▶ **To do**:
Nothing but the lines from the first line of the entries through the line with "Dress up your" should appear in the answer, transcribed exactly and free of pictures.

Extracted data entries:
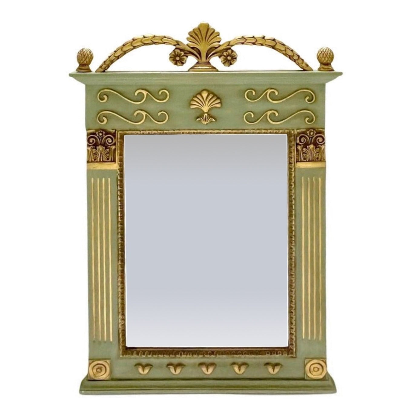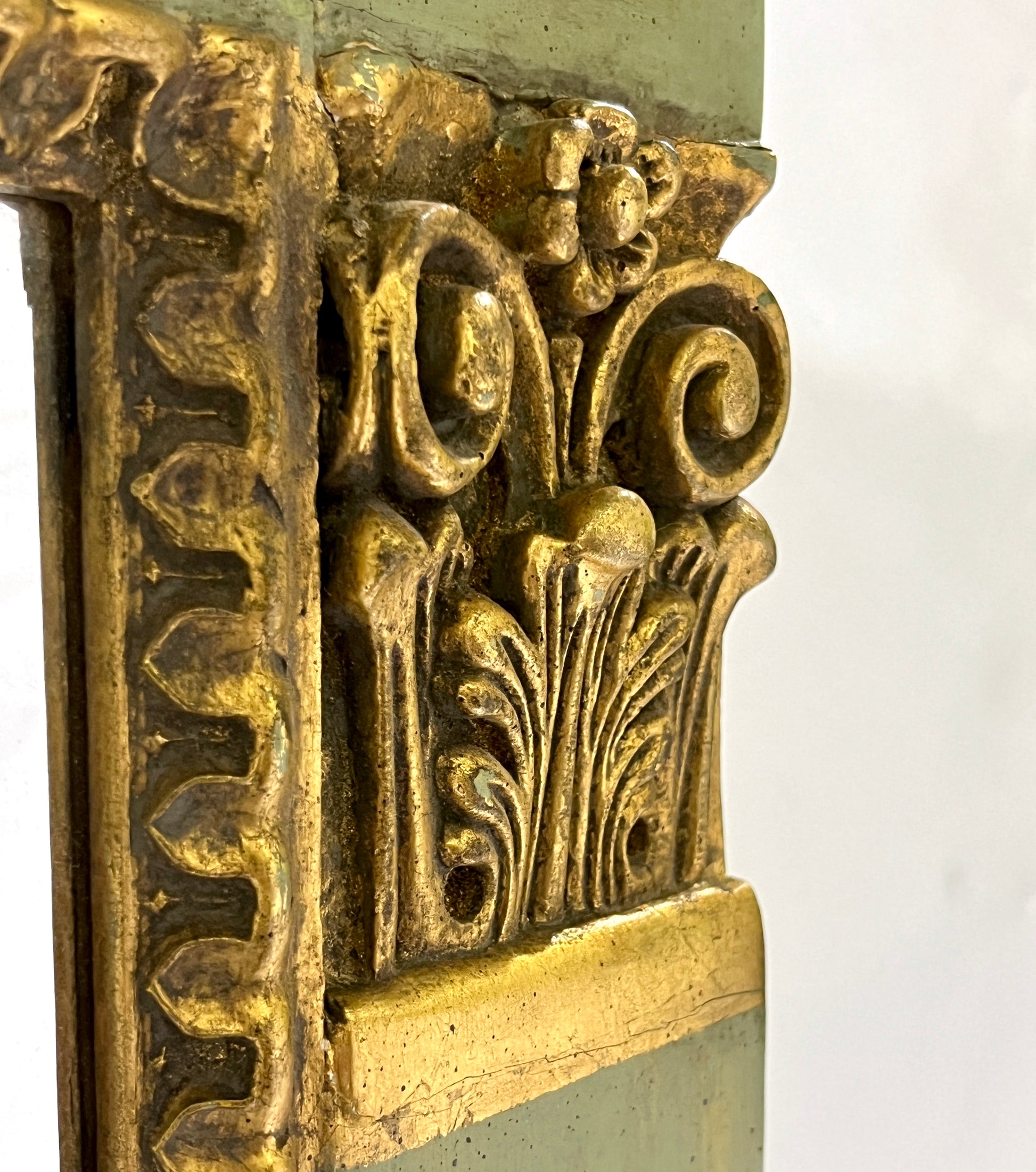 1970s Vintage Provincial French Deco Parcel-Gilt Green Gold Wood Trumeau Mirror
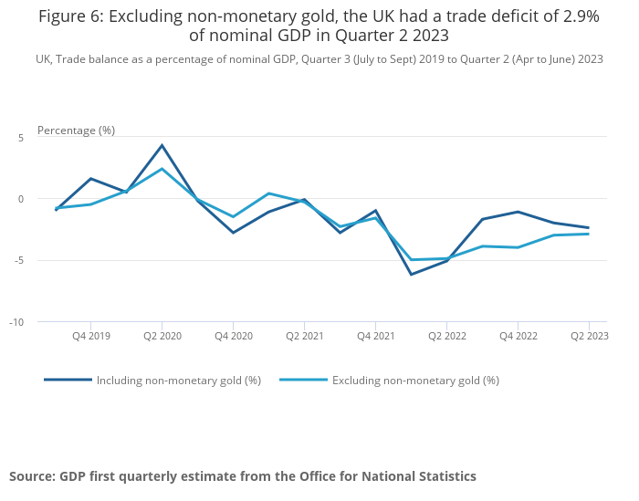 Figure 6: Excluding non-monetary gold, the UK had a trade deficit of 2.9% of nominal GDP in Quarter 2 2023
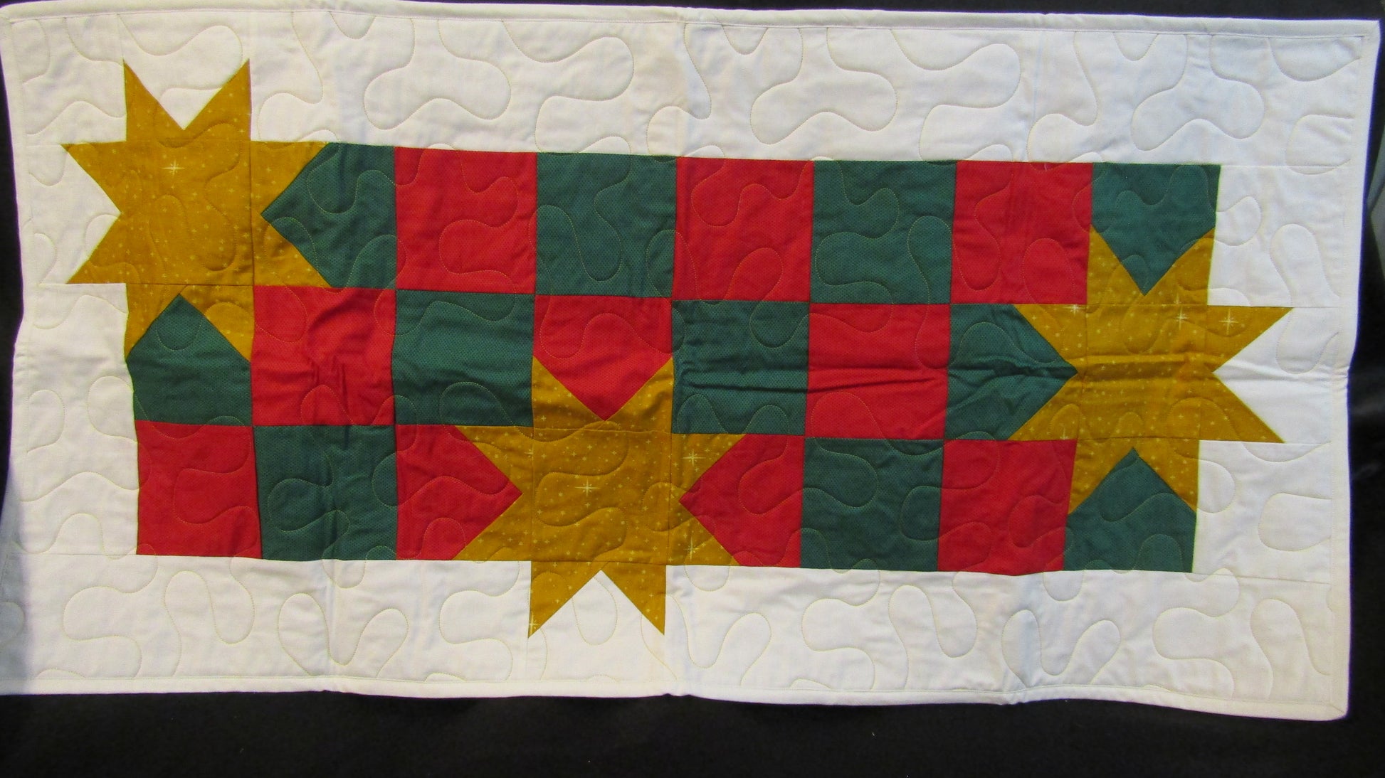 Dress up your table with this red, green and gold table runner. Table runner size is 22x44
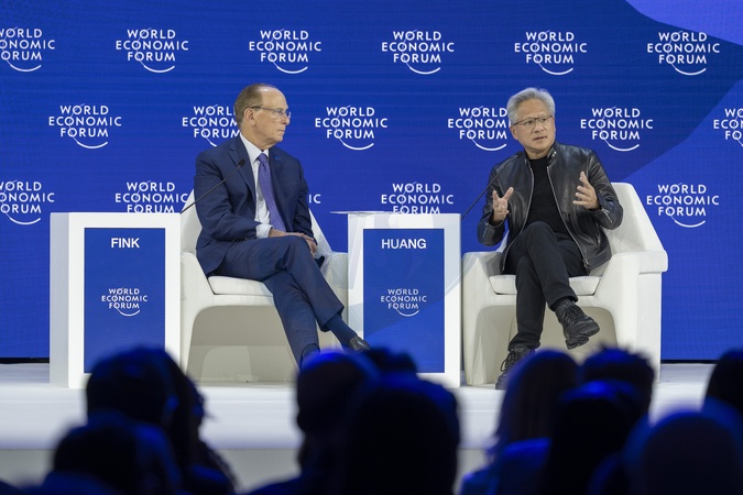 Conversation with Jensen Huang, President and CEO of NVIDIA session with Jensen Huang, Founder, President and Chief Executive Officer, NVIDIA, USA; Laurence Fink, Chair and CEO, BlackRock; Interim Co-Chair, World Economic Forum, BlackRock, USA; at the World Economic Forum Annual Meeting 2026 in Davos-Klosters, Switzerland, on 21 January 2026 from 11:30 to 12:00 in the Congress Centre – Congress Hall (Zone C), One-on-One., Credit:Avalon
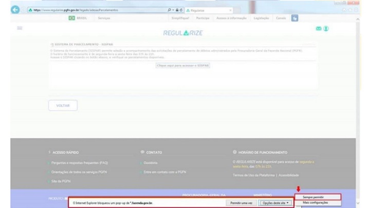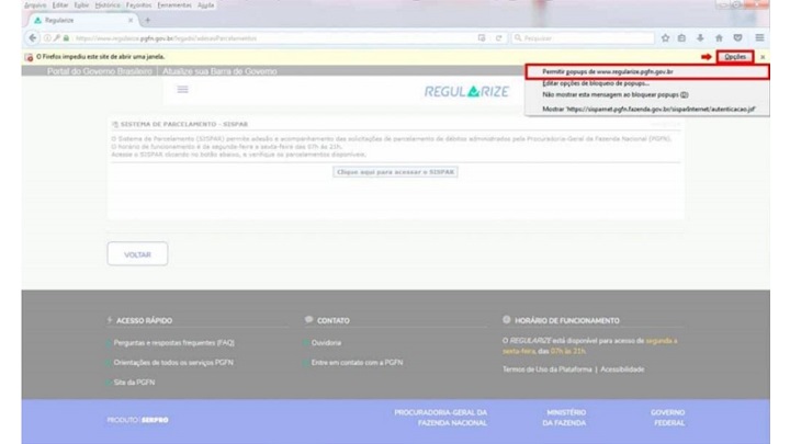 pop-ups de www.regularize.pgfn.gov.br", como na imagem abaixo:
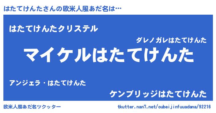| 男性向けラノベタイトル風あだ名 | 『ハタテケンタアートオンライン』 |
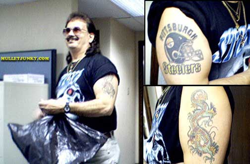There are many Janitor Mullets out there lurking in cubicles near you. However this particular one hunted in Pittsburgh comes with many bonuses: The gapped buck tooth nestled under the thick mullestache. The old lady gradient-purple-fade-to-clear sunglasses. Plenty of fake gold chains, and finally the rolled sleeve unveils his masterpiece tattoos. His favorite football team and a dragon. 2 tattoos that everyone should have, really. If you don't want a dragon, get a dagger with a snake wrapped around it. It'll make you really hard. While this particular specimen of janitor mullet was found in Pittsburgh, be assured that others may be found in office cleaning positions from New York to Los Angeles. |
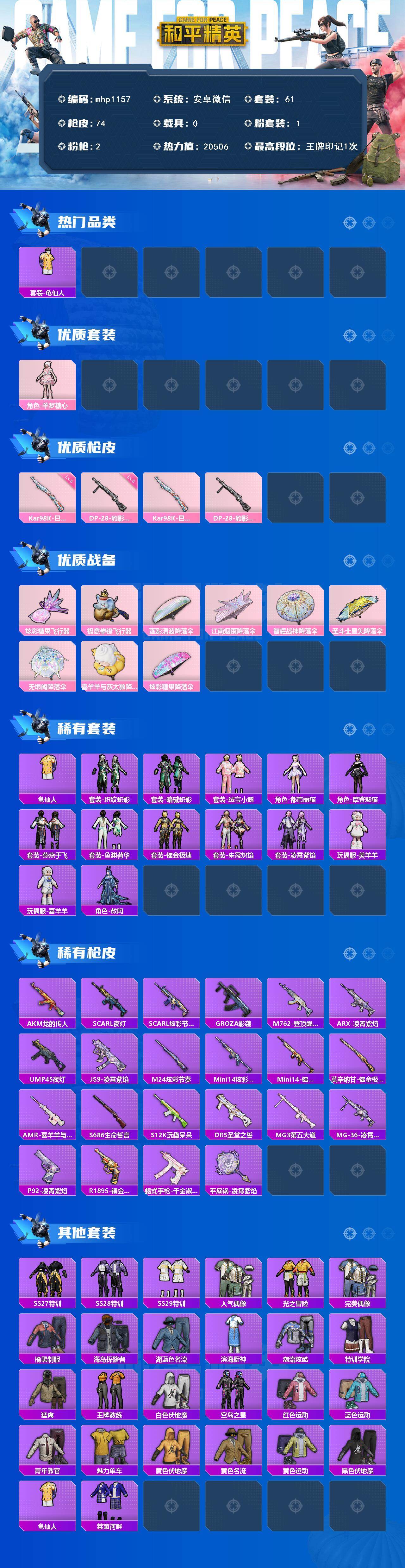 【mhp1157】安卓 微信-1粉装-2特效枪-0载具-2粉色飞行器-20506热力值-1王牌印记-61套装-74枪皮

▶ **Response below**:
 1970s Vintage Provincial French Deco Parcel-Gilt Green Gold Wood Trumeau Mirror
 Figure 6: Excluding non-monetary gold, the UK had a trade deficit of 2.9% of nominal GDP in Quarter 2 2023
 Dress up your table with this red, green and gold table runner. Table runner size is 22x44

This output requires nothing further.